Exact copy, no pictures: take the lines of the listing below from the first through the one containing "Вынимаем грудину. Я".

> [Data]
================================
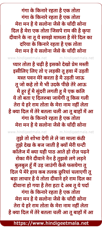 Lyrics of Ganga Ke Kinare Rehta Hai Ek Tota - गंगा के किनारे रहता है एक तोता
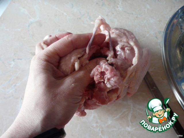 Вынимаем грудину. Я практически всю ее освобождаю от мяса руками, ножом подрезать надо только в середине. В это время мясо птицы как бы выворачиваем наизнанку – так удобнее. После грудины удаляем косточки вместе с шеей - здесь нож помогает.
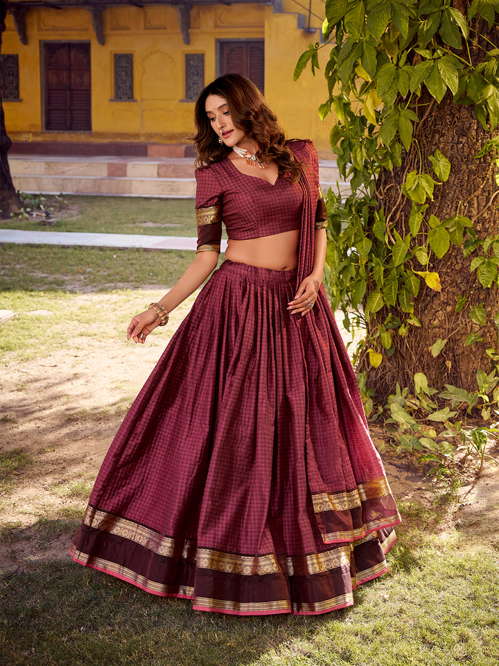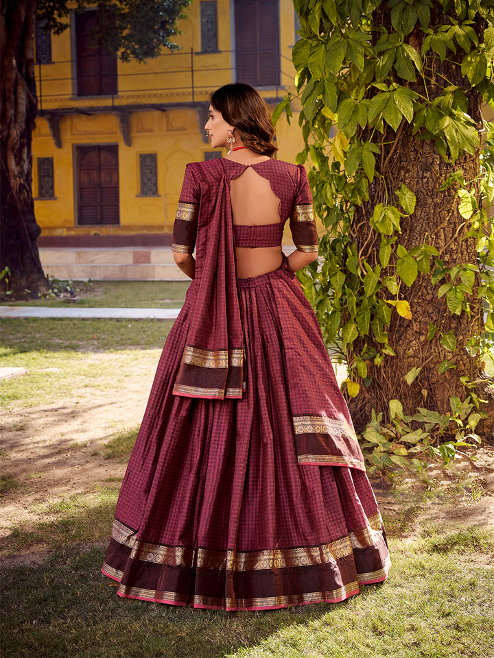 Mulberry Color Chex With Zari weaving Work Chettinad Cotton Lehenga Choli
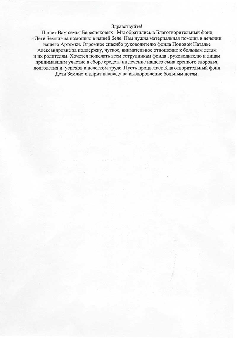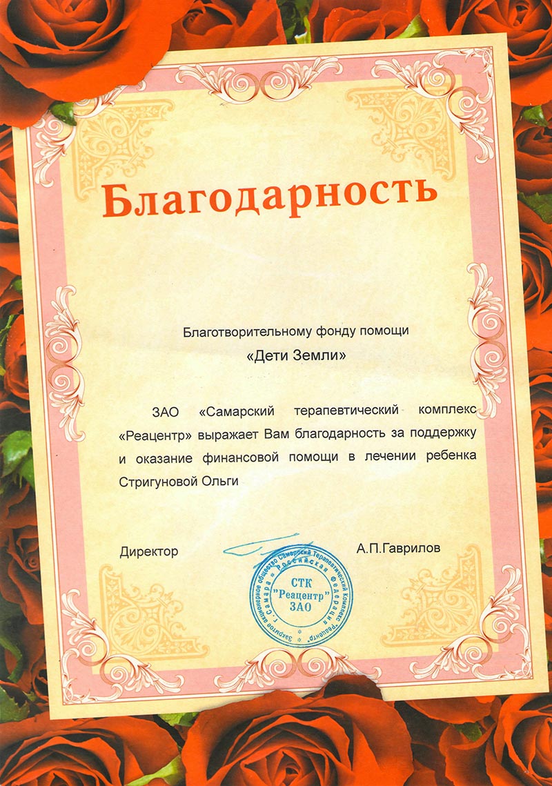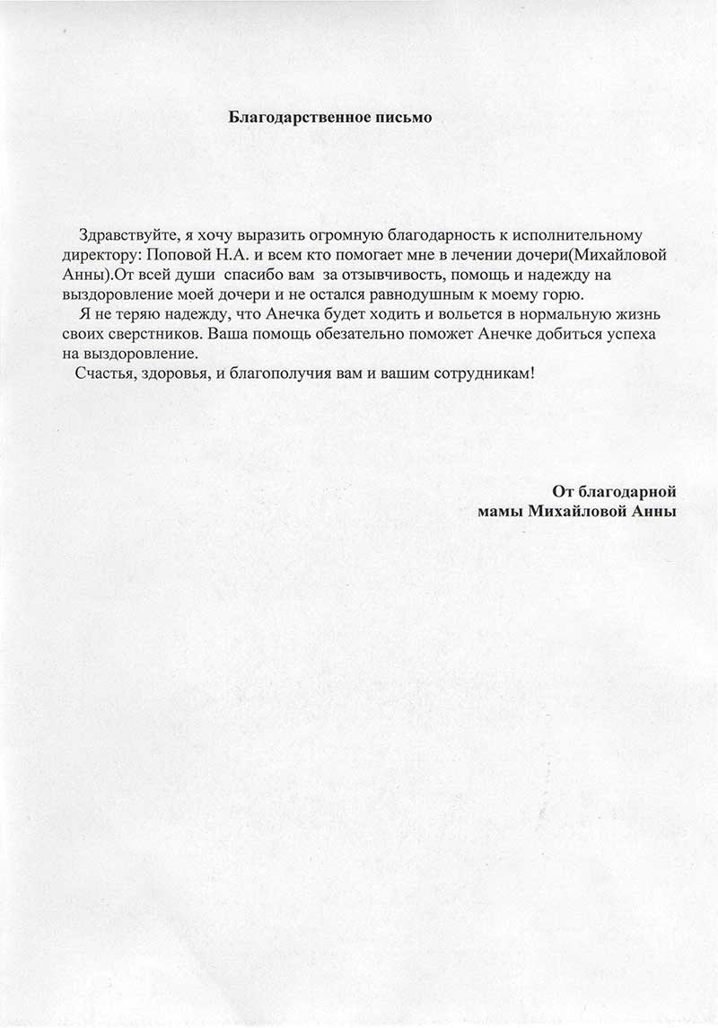 Мы тронуты Вашей заботой и участием в в решении нашей семейной проблемы: здоровьем и жизни нашей Маши. Благодарим Вас и всех сотрудников Благотворительного Фонда "Дети Земли" за оказанную материальную помощь в лечении нашей малышки Маши.
================================
> [Answer area]
 Lyrics of Ganga Ke Kinare Rehta Hai Ek Tota - गंगा के किनारे रहता है एक तोता
 Вынимаем грудину. Я практически всю ее освобождаю от мяса руками, ножом подрезать надо только в середине. В это время мясо птицы как бы выворачиваем наизнанку – так удобнее. После грудины удаляем косточки вместе с шеей - здесь нож помогает.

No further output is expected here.